The memory isn’t lost to the moment, otherwise you’d stop playing. You may be playing out of your unconscious mind; just as we’re able to walk without actually having to consciously think about walking, if you have a high level of or lots of experience with a musical instrument or anything, really, you can find yourself playing it by habit and not as “right, I put my finger here, strum here”. The memory is still required, and if anything is more important as you not only remember the tune but all the times you have played it.

I’m sorry to hear about your mother; I’ve had relatives who had memory problems though not to that extent. I would say (and I truly mean no offense when I say this) that I imagine had she or you the choice you would generally have preferred the version of her that did remember you, even if it meant she would no longer have the repeated enjoyments of good news. But certainly I would say that in a situation like that the best thing to do is hide what frustration or pain you feel and try to stick with the moment - but with the knowledge that it is your memory of them that motivates you to do so above others.

Also, you have kids? I feel young. :wink:

But those things can be done without a switching off of part of the brain. And I would say that it still has the problem of what else is being forgotten, or ignored, because the bad is being ignored? Plus the idea of what a correct balance is is for her being made in this altered state of balance; she’s judging the effectiveness of it by itself, and that’s a poor test for a measure.

That’s true, as I see it. But she speaks of pure left brain thought as a nirvana, and she certainly seem highly affected by her time with it. It seemed to me that she venerates the left brain much higher than she does the right; as if the left brain is the important part while the right brain is a disliked but unfortunetly necessary cog in the works. That she believes in a balance is required by her actions, but not in anything she says - she only really talks about the importance of one side of it.

Yes, i’d say it does mean that, but that’s a good thing. We should be able to recognise things about ourselves (even if it does lead to pretty unpleasant teenagehood ;)), otherwise we wouldn’t change.

I’d think about it like this.

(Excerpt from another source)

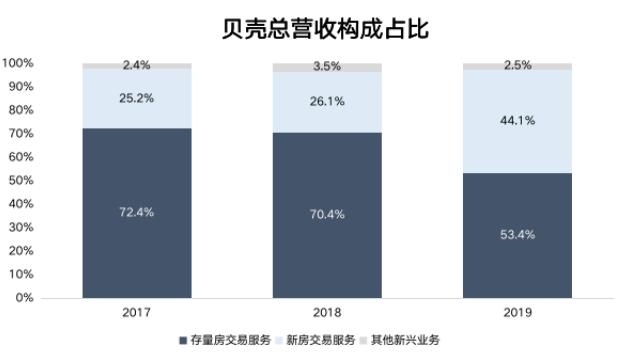 根据招股书的披露,贝壳有存量房交易、新房交易、新业务及其他三大业务板块。从年度数据来看,存量房交易收入一直是贝壳的第一大收入来源,2017年至2019年的总营收占比分别为72.4%、70.4%、53.4%。

If I were raised in pre-WWII Germany, I could’ve ended up a happy Hitler Youth, and eventually a dedicated Nazi. That version of me is just as me as the one I actually am is; I don’t think either of them speak more to a true me, or that (as much as it would be nice) the Nazi me is somehow not actually a me. We are equally valid ourselves. But that doesn’t mean i’d want to be like that me, or like any me which I find unpleasant. I don’t believe there’s a real, perfect me out their that I need to improve myself until I reach; but I do want to improve myself, just for different reasons. Flaws and problems are contextual - they exist in that we often have a superior vision of ourselves that we compare ourselves to and find ourselves lacking, but I don’t think that those idealized goals of ourselves are truer than any other version. They’re what we’d like to be, not what we secretly, deeply are.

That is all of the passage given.